In full and word for word, copy the listing; no pictures belong in the copy.

Available data
::::::::

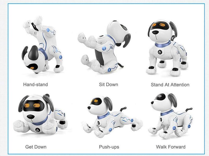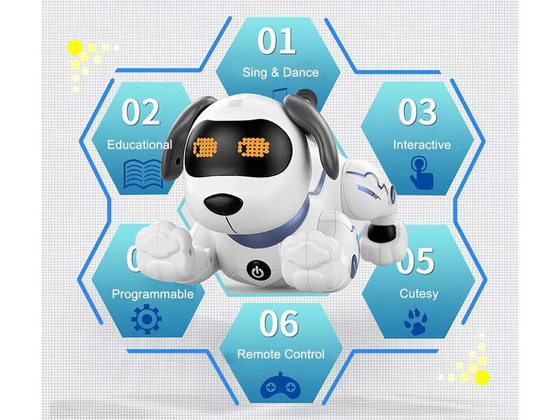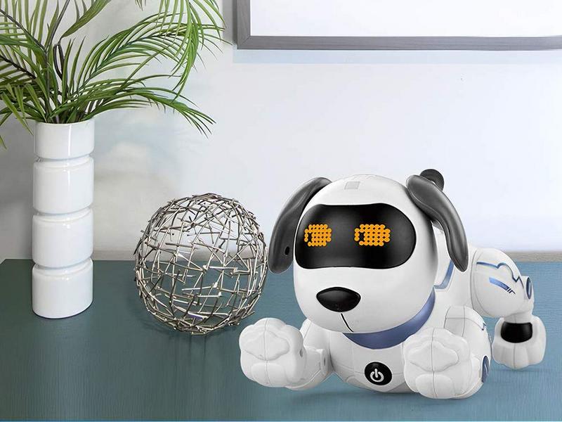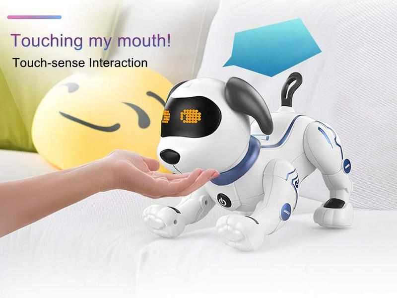 Собака может быть запрограммирована на выполнение определенных действий, стимулирующих творческий потенциал детей и тренирующих их способности. Сенсорные датчики распознают прикосновение к голове собаки.
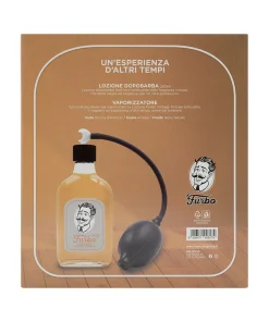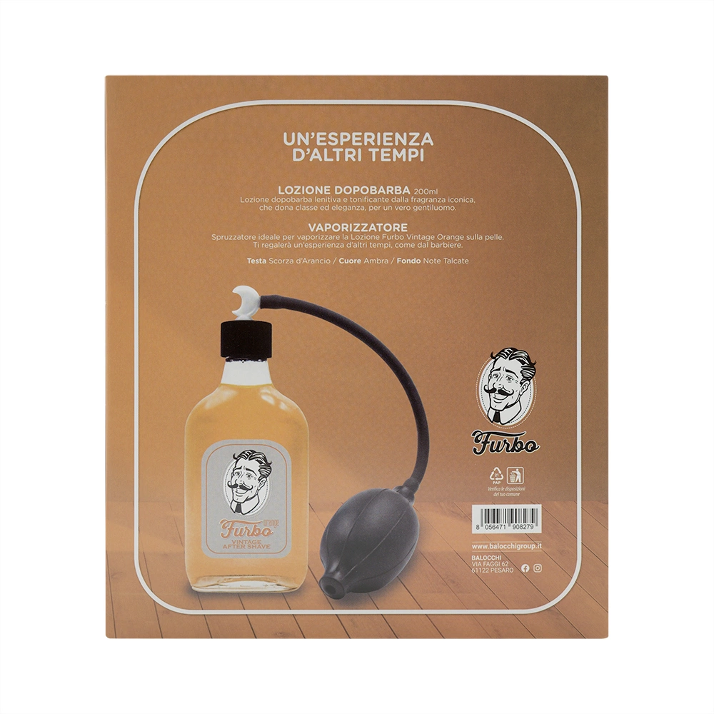 Il cofanetto Furbo Orange un’esperienza d’altri tempi, include:Furbo Vintage Orange After Shave 200ml: lozione dopobarba lenitiva e tonificante dalla fragranza vintage e iconica, per un uomo elegante.Furbo Vapos nero per vivere l’esperienza d’altri tempi come dal barbiere.
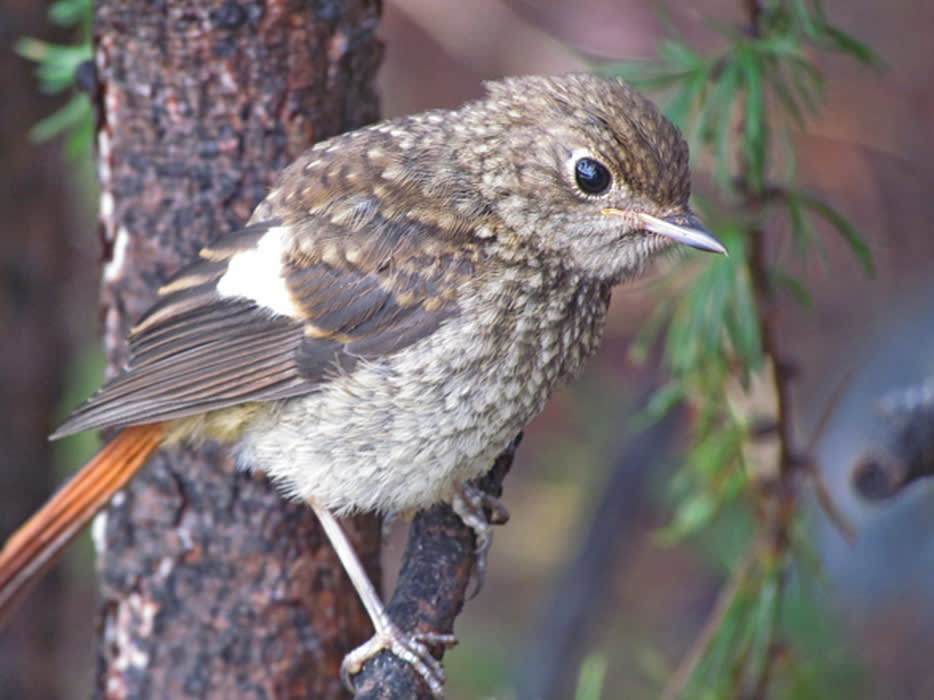 Убедившись, что птенца моё присутствие не пугает, я медленно, без резких движений повернулся к нему всем корпусом, поднял к лицу фотоаппарат. Он в ответ несколько раз махнул хвостиком. Не повилял, как это делают собаки, и не потряс, как трясогузки, а помахал вверх-вниз, как взрослая птица. Я сделал несколько снимков «крупняком». Встал и сделал небольшой шаг к нему. Птенца это не насторожило. Он слетел с ветки вниз, едва ли не под мои ноги, на голую землю, исполосованную корнями деревьев. Вновь взлетел на ветку корявой лиственницы. Цвет оперения у него ещё не вполне сложился для взрослой птицы. И растущие пёрышки пока ещё чуть топорщатся, но треугольные белые «зеркальца» на сложенных крыльях подсказывают, что это птенец горихвостки сибирской.

::::::::

Result below
 Собака может быть запрограммирована на выполнение определенных действий, стимулирующих творческий потенциал детей и тренирующих их способности. Сенсорные датчики распознают прикосновение к голове собаки.
 Il cofanetto Furbo Orange un’esperienza d’altri tempi, include:Furbo Vintage Orange After Shave 200ml: lozione dopobarba lenitiva e tonificante dalla fragranza vintage e iconica, per un uomo elegante.Furbo Vapos nero per vivere l’esperienza d’altri tempi come dal barbiere.
 Убедившись, что птенца моё присутствие не пугает, я медленно, без резких движений повернулся к нему всем корпусом, поднял к лицу фотоаппарат. Он в ответ несколько раз махнул хвостиком. Не повилял, как это делают собаки, и не потряс, как трясогузки, а помахал вверх-вниз, как взрослая птица. Я сделал несколько снимков «крупняком». Встал и сделал небольшой шаг к нему. Птенца это не насторожило. Он слетел с ветки вниз, едва ли не под мои ноги, на голую землю, исполосованную корнями деревьев. Вновь взлетел на ветку корявой лиственницы. Цвет оперения у него ещё не вполне сложился для взрослой птицы. И растущие пёрышки пока ещё чуть топорщатся, но треугольные белые «зеркальца» на сложенных крыльях подсказывают, что это птенец горихвостки сибирской.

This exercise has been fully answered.